> On Mar 18, 2026, at 05:33, Tom Lane <[email protected]> wrote:
>
> I got an off-list report that a query like this consumes
> an unreasonable amount of memory:
>
> SELECT jsonb_path_query((SELECT jsonb_agg(i) FROM generate_series(1,10000) i),
> '$[*] ? (@ < $)');
>
> For me, that eats about 6GB by the time it's done executing.
> If that doesn't seem like a lot to you, just add another zero to the
> generate_series call, and then it'll be more like 600GB, because the
> leakage is O(N^2).
>
> Admittedly, this isn't an especially useful query: its runtime is
> also O(N^2), because that path expression basically requires us to
> compare every element of the input JSON array to every other element.
> But it's not cool that it leaks so much memory while at it.
>
> I poked into this and found that the leakage is entirely composed of
> "JsonValueList"s that are built during path evaluation and then just
> left to rot until the end of jsonb_path_query().
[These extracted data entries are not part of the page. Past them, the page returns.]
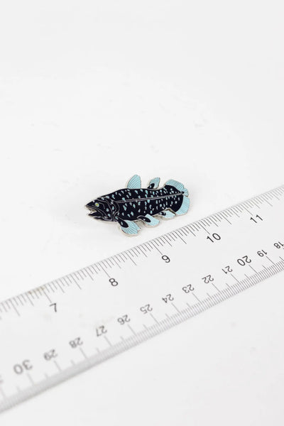 Embrace the wonder of ancient life with this exquisite coelacanth pin.
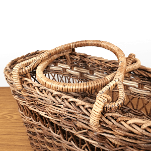 矢来模様(透かし部分)は、かごに軽やかな印象を持たせ、「筋交い」のようにかごを頑丈にしてくれます。
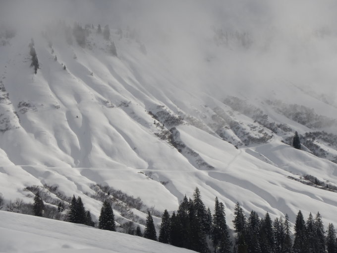 Richtung Bergkamm in südwestliccher Richtung. Kurzer Aufstieg auf den Bergkamm. Nun phänomenale 35° direkt Abfahrt, geradeaus weiter bis zum 3. Abfahrtshang. Wiederum ca. 35°, spannend bis zur Furkastrsse .Eine der schönsten ALPINEN Schlittentouren im Bregenzer Wald/ Vorarlberg !!!
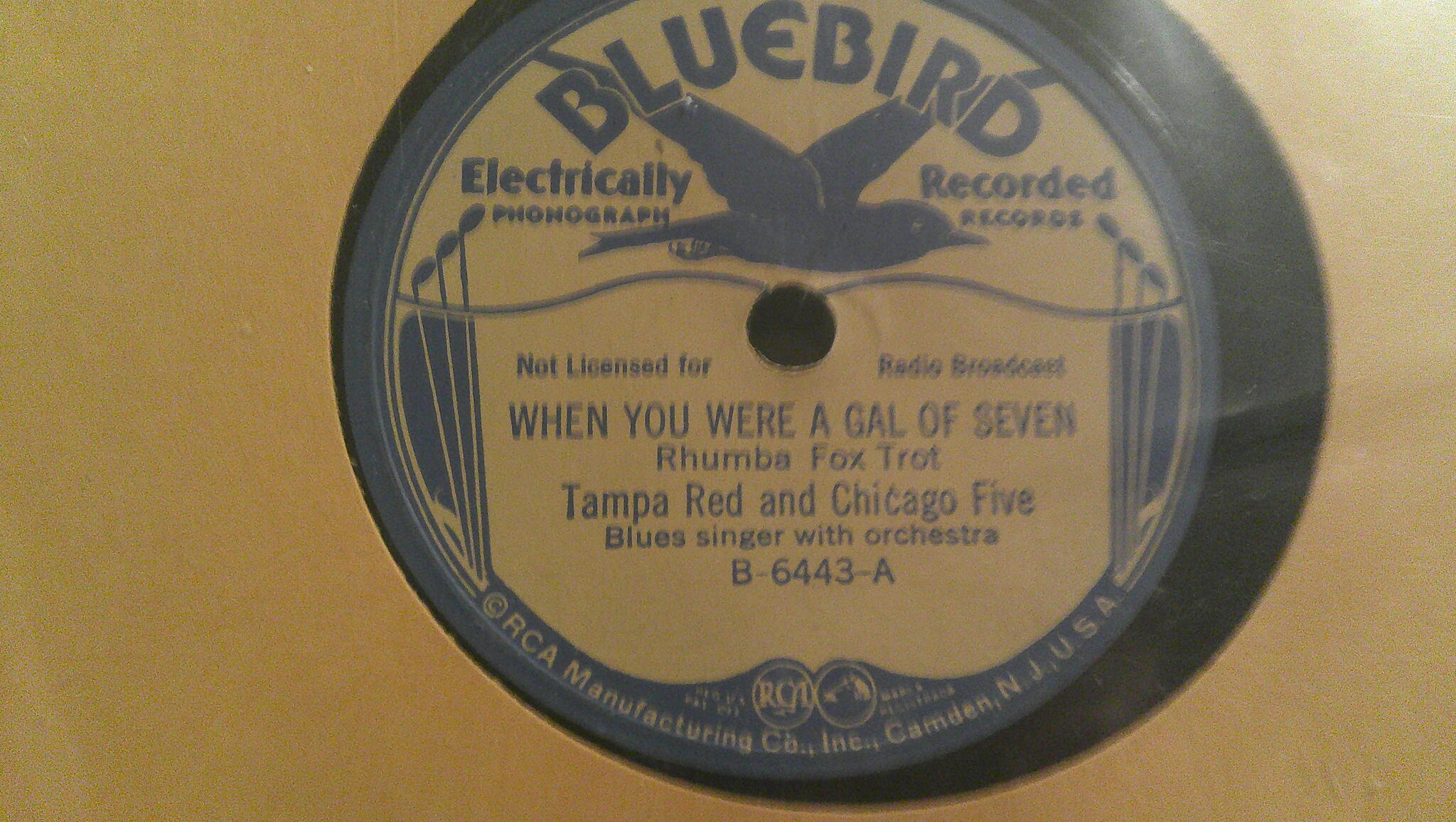 An uptempo blues from Tampa Red, with his vocal supported by a kazoo, piano and drumming. Record condition is NM.
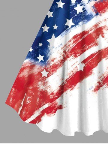 Plus Size Patriotic American Flag Distressed Print Tank Dress - White - M
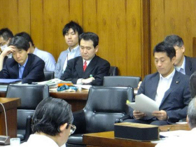![]() 同じく衆議院 環境委員会にて。 右は細野豪志環境大臣。 |

We can fix it by
> being careful to free those lists on the way out of each jsonpath
> evaluation function that creates one. However, just doing that would
> mean adding pfree overhead on top of palloc overhead, so I went a bit
> further and reimplemented JsonValueList to be more compact and cheaper
> to allocate/free. The attached seems to be a bit faster than the
> existing code as well as not leaking so much memory. See the draft
> commit message for more details.
>
> regards, tom lane
This patch looks like a big win. It not only saves memory, but also makes the
query much faster.
I tested the query on my MacBook M4, increasing the iteration count from 10000
to 50000.
Current master (3b4c2b9db25):
```
evantest=# SELECT jsonb_path_query((SELECT jsonb_agg(i) FROM
generate_series(1,50000) i), '$[*] ? (@ < $)');
Time: 208581.771 ms (03:28.582)
evantest=# SELECT jsonb_path_query((SELECT jsonb_agg(i) FROM
generate_series(1,50000) i), '$[*] ? (@ < $)');
Time: 217269.595 ms (03:37.270)
```
With the patch:
```
evantest=# SELECT jsonb_path_query((SELECT jsonb_agg(i) FROM
generate_series(1,50000) i), '$[*] ? (@ < $)');
Time: 18674.580 ms (00:18.675)
evantest=# SELECT jsonb_path_query((SELECT jsonb_agg(i) FROM
generate_series(1,50000) i), '$[*] ? (@ < $)');
Time: 18889.329 ms (00:18.889)
```
My observations were:
* Before the patch, the backend process memory usage fluctuated between roughly
50GB and 145GB, while CPU usage stayed around 30%.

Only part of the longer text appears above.